WHAT IS BEING ASKED: Leave every picture out, and print the full listing again exactly.

DATA SECTION: Begin

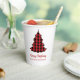 This design features a merry Christmas calligraphy script cute paper cup with a simple Christmas tree buffalo check, a stylish trendy calligraphy script text, a rustic country farmhouse minimal, minimalist festive holiday pattern, red black and white design, coffee tea cocoa hot drinks supplies, a creative simplistic checkered style, Christmas holiday fun celebration, a custom disposable party paper products
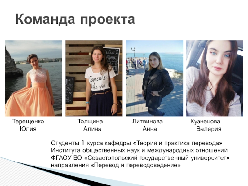 Студенты 1 курса кафедры «Теория и практика перевода» Института общественных наук и международных отношений ФГАОУ ВО «Севастопольский государственный университет» направления «Перевод и переводоведение»
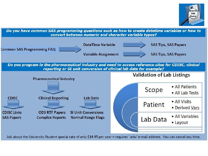 SAS Savvy Focused Online SAS Resource and Training Search SAS Savvy Procedures, Topics, SAS Resources, Common FAQ SASCommunity. org SAS Technical Tips SAS Documents Forums: Knowledge Database SAS Conference Papers

DATA SECTION: End

WRITTEN SOLUTION:
 This design features a merry Christmas calligraphy script cute paper cup with a simple Christmas tree buffalo check, a stylish trendy calligraphy script text, a rustic country farmhouse minimal, minimalist festive holiday pattern, red black and white design, coffee tea cocoa hot drinks supplies, a creative simplistic checkered style, Christmas holiday fun celebration, a custom disposable party paper products
 Студенты 1 курса кафедры «Теория и практика перевода» Института общественных наук и международных отношений ФГАОУ ВО «Севастопольский государственный университет» направления «Перевод и переводоведение»
 SAS Savvy Focused Online SAS Resource and Training Search SAS Savvy Procedures, Topics, SAS Resources, Common FAQ SASCommunity. org SAS Technical Tips SAS Documents Forums: Knowledge Database SAS Conference Papers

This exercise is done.